To build a model, you need to supply the required parameters to the modeling method. I’ll start with an example then explain the syntax. We’ll continue using the HR data from above.

t1='left'

inputs = {
   'nominal':['work_accident','promotion_last_5years','sales','salary'],
   'interval':['satisfaction_level','last_evaluation','number_project','average_montly_hours','time_spend_company']
}

rf_model = ml.forest(data=hr, target=t1, input=inputs)

The preceding code creates two variables:

t1

A string that represents the target variable.

inputs

A dictionary that represents the model inputs with two keys–interval and nominal–which represent the interval and nominal variables respectively to consider for modeling.

Here is another way to specify the same as above–using the nominal parameter and a list of inputs. The target variable is now a dictionary.

t1={'nominal':'left'}

nom = ['work_accident', 'promotion_last_5years', 'sales', 'salary']

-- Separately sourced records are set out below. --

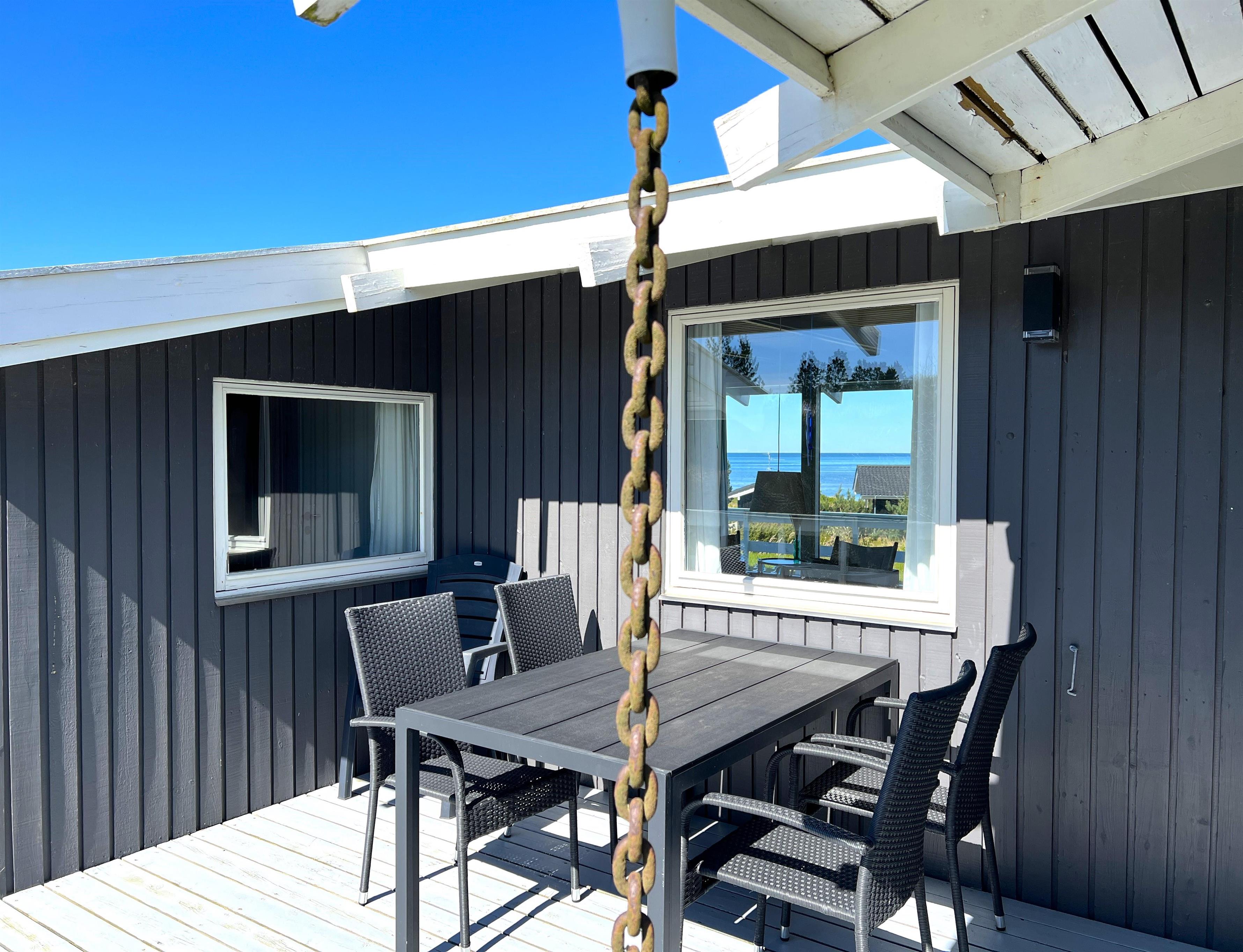 Et utroligt dejligt sommerhus med fantastisk havudsigt nord for Vesterø Havn på Gyvelvej. Husets unikke beliggenhed skaber rammerne for en ferie i særklasse. Selve huset har et dejligt stort fint indrettet køkken-alrum, hvor man straks fornemmer kærligheden til Læsø og den helt rigtige sommerhusatmosfære. Udover det store alrum er der tre soveværelser, et med dobbeltseng, et med to enkeltsenge og et med en sovesofa. Der er et pænt badeværelse med brus. Fra den store stue er der fuld havudsigt og udgang til en af husets mange træterrasser. Terrassen i forlængelse af stuen er overdækket, og her kan man nyde de sene, smukke solnedgange og udsigten til Nordre Rønner. Omkring huset er der flere dejlige solkroge med læ og havudsigt og mange forskellige havemøbler til rådighed. Der er fem minutters gang til en af Læsøs bedste badestrande og til Vesterø Havns hyggelige havnemiljø med fiskehandler, restauranter, dagligvarebutikker og shopping.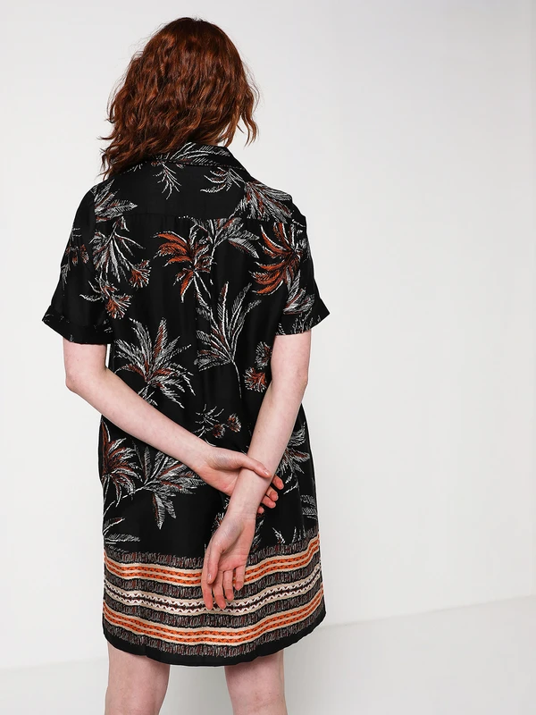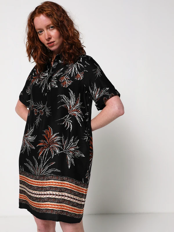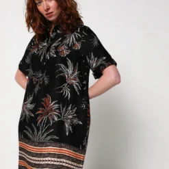 - Tissu fluide et doux à imprimé palmiers et inspiration ethnique, aspect légèrement satiné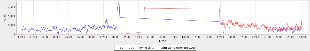 avg(sdb read) = 9.13 avg(sdb write) = 15.81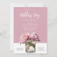 Rustika skripta bröllopsrosor Morbrunch inbjudan - En vacker, unik, elegant och modern inbjudan till morbrunch. Med en masonburk med en bukett rosa peonior mot en mjuk rosa bakgrund. En kombination av skript kalligrafi och elegant blockstil, denna chic mors dag brunch inbjudan utstrålar sofistikering och tidlös elegans. Redigera denna mall för inbjudan till mors dag med dina egna evenemangsuppgifter. Oavsett om du planerar en lunch, brunch eller middag kan du enkelt redigera mallen. Finns även som en omedelbar digital nedladdning, perfekt för att skicka via e-post, sms eller sociala medier.

inputs =['work_accident', 'promotion_last_5years', 'sales', 'salary', 'satisfaction_level',
         'last_evaluation', 'number_project', 'average_montly_hours', 'time_spend_company']

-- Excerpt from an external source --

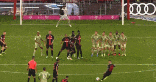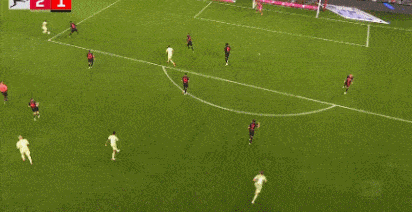 第25分钟,格里马尔多主罚任意球直接破门,帮助勒沃库森1-1扳平比分。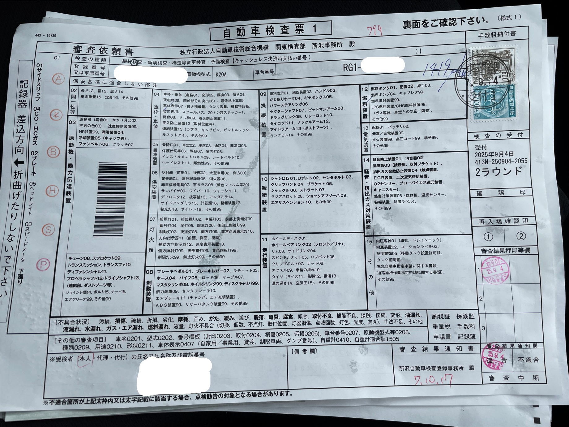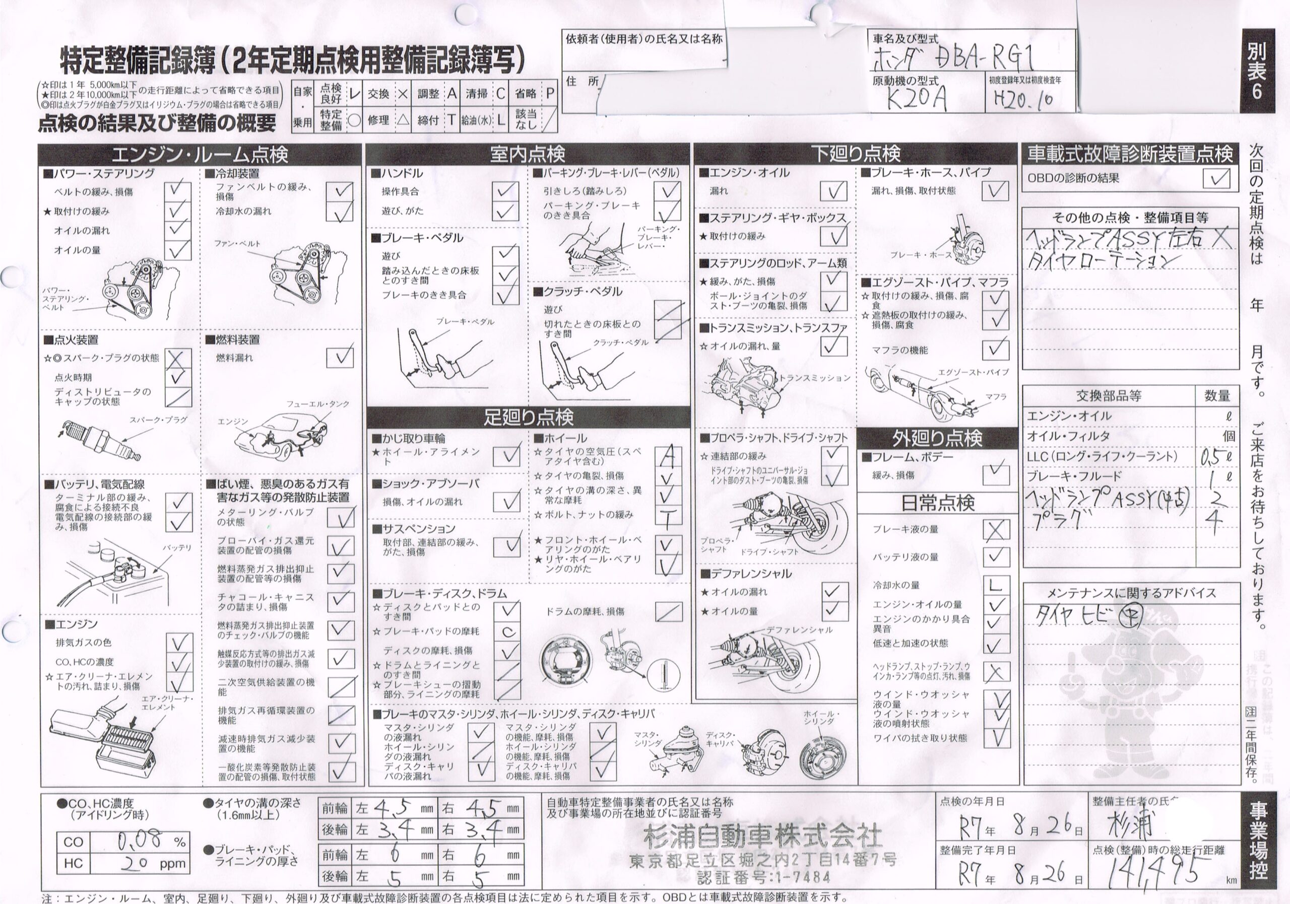 ・説明:HONDA ステップワゴンRG-1の車検の時期になった。現在は2か月前から車検を通すことが出来るので、いつもより少し早めに車検を通してみた。

rf_model = ml.forest(data=hr, target=t1, input=inputs, nominals = nom)

Here is another way–using the nominal parameter and a string of inputs. The target is a list (nominals must be a list).

t1=['left']

nom = ['work_accident', 'promotion_last_5years', 'sales', 'salary', 'left']

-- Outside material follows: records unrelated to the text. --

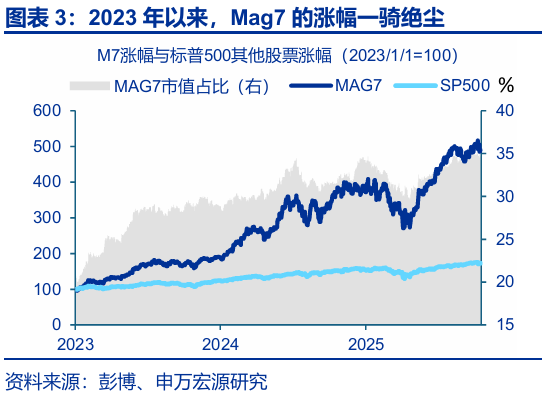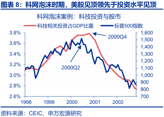 中观视角下,美国AI相关投资远超其他行业,AI资本开支已是美股重要驱动力。美国AI相关投资呈现出“一枝独秀”的特征。从GDP口径来看,2022Q4-2025Q2,美国电脑设备投资增长61%,远强于交运设备、工业设备;从上市公司视角来看,Mag7资本开支占标普500比重已经达到30%左右。与此同时,自2023年以来,美国头部科技公司涨幅对美股贡献较大,Mag7涨幅接近400%,而标普500仅上涨约70%,资本开支与股价同步上行,似乎与2000年科网泡沫前期类似。从历史回溯角度,美国资本开支周期与股市周期也的确存在一定关系,根据2000年初经验,美国股市见顶领先于科技投资占GDP比重见顶约2个季度。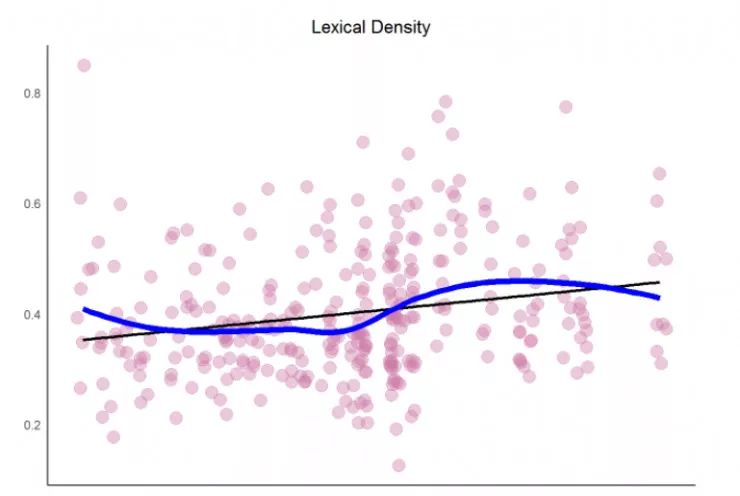 这说明什么呢?过去的数十年间,Prince 的歌词多样性具有一点轻微向上的趋势。这和打榜成功有多少相关呢?很难说,画出密度图和打榜历史再做更近一步的分析吧!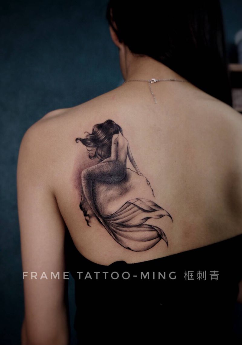 人鱼纹身图片_肩部欧美写实美人鱼纹身图案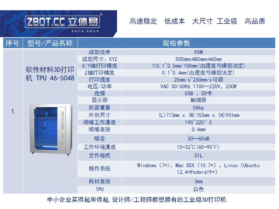 立體易TPU 46-5048軟性材料3D打印機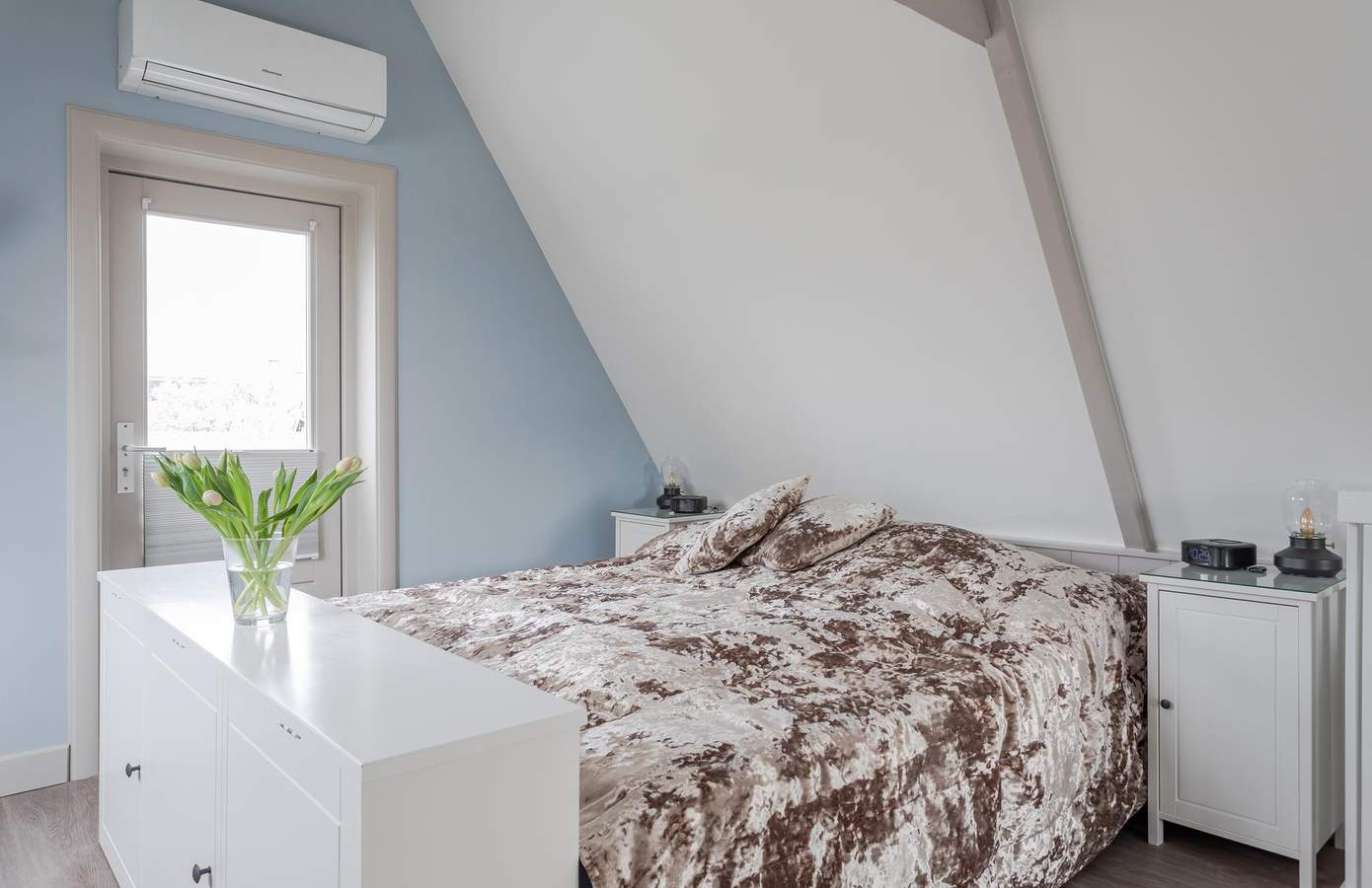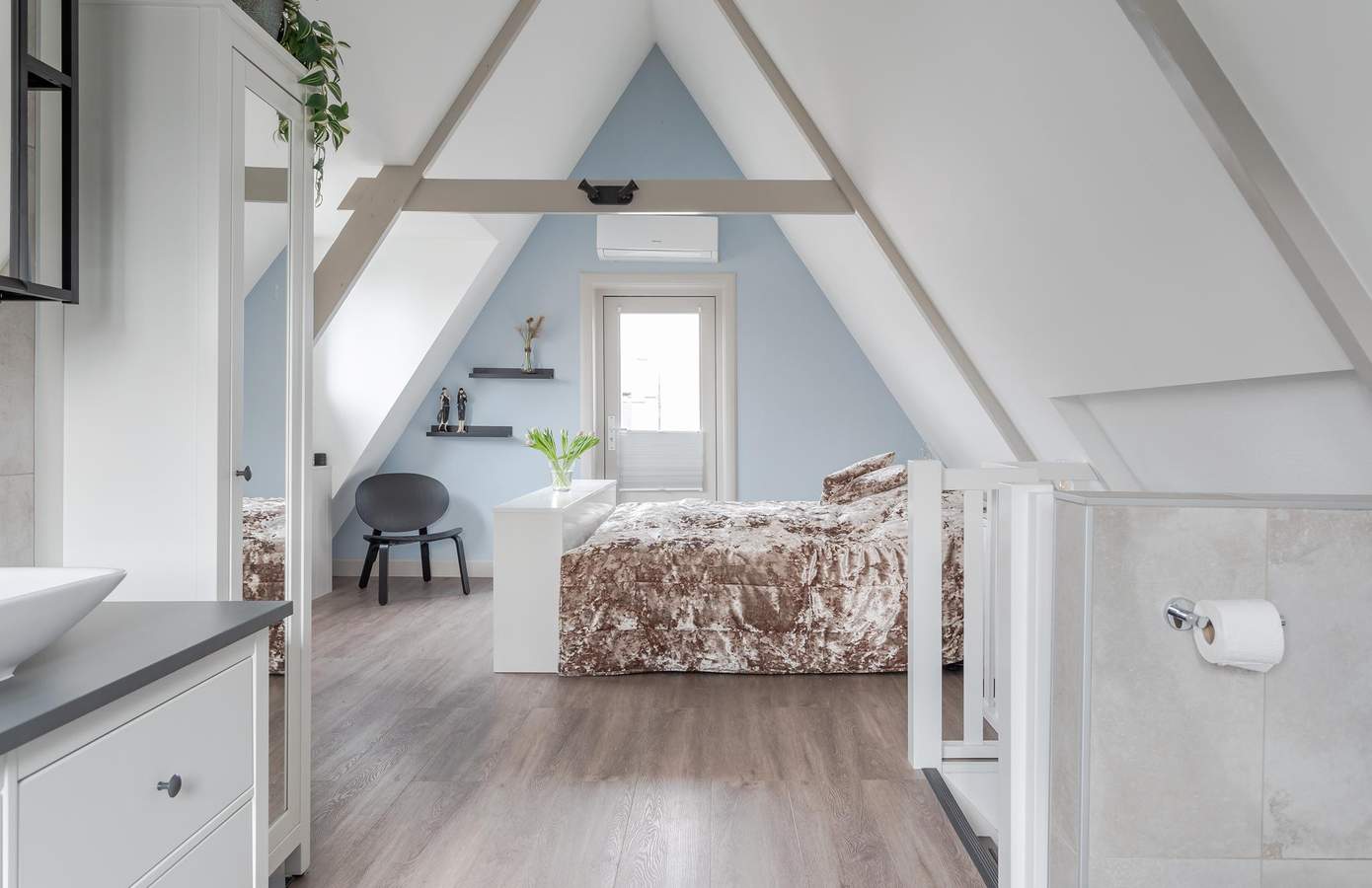 Vanuit de sfeervolle woonkamer kijkt u uit over de levendige Dorpsstraat, een dorps uitzicht dat nooit verveelt. Binnen zorgt de sfeervolle gashaard voor een warme, uitnodigende sfeer. De royale boerenleefkeuken is een absolute eyecatcher en vormt het kloppend hart van de woning. Hier wordt gekookt, gepraat en geleefd. Op de verdieping wacht een stijlvolle slaapkamer in loftstijl, waar comfort en karakter hand in hand gaan. De ruimte heeft airconditioning (voor zowel koelen als verwarmen) en beschikt over een toilet, wastafel en een ruime inloopdouche. De originele houten balken, prachtig in het zicht gelaten, geven de kamer een warme en authentieke uitstraling.

inputs ='work_accident promotion_last_5years sales salary satisfaction_level last_evaluation number_project
        average_montly_hours time_spend_company'

rf_model = ml.forest(data=hr, target=t1, input=inputs, nominals = nom)

More about the target and input parameters

These rules apply to both target and input:

  • The parameters accept strings (str), lists (list), or dictionaries (dict) types.

  • The target and input parameters are modified by a nominals parameter to identify the proper variables treatment.

  • The nominals parameter must be a list type or you receive a syntax warning.

  • Variables are treated as nominals if any of the following are met:

    • The variable is a character type in SAS.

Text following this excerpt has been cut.